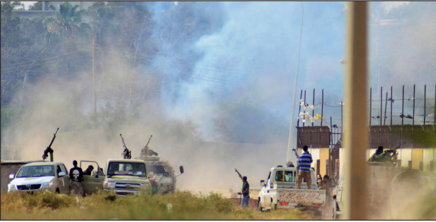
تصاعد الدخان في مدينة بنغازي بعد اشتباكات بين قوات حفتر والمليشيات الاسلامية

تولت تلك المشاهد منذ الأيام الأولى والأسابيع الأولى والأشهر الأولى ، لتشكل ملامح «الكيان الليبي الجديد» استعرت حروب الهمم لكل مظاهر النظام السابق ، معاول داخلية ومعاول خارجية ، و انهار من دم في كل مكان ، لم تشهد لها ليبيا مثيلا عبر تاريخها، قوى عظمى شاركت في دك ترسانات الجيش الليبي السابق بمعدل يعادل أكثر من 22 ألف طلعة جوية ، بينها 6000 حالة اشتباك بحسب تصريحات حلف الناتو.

...

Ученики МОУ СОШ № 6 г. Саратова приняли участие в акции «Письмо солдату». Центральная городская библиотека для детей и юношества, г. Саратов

...

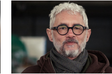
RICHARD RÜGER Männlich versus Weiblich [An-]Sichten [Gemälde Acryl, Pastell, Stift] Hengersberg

> What is expected
Reproduce the entries above exactly, but only the lines between the line holding "تصاعد الدخان في" and the line holding "تولت تلك المشاهد", inclusive.

> Solved exercise
تصاعد الدخان في مدينة بنغازي بعد اشتباكات بين قوات حفتر والمليشيات الاسلامية

تولت تلك المشاهد منذ الأيام الأولى والأسابيع الأولى والأشهر الأولى ، لتشكل ملامح «الكيان الليبي الجديد» استعرت حروب الهمم لكل مظاهر النظام السابق ، معاول داخلية ومعاول خارجية ، و انهار من دم في كل مكان ، لم تشهد لها ليبيا مثيلا عبر تاريخها، قوى عظمى شاركت في دك ترسانات الجيش الليبي السابق بمعدل يعادل أكثر من 22 ألف طلعة جوية ، بينها 6000 حالة اشتباك بحسب تصريحات حلف الناتو.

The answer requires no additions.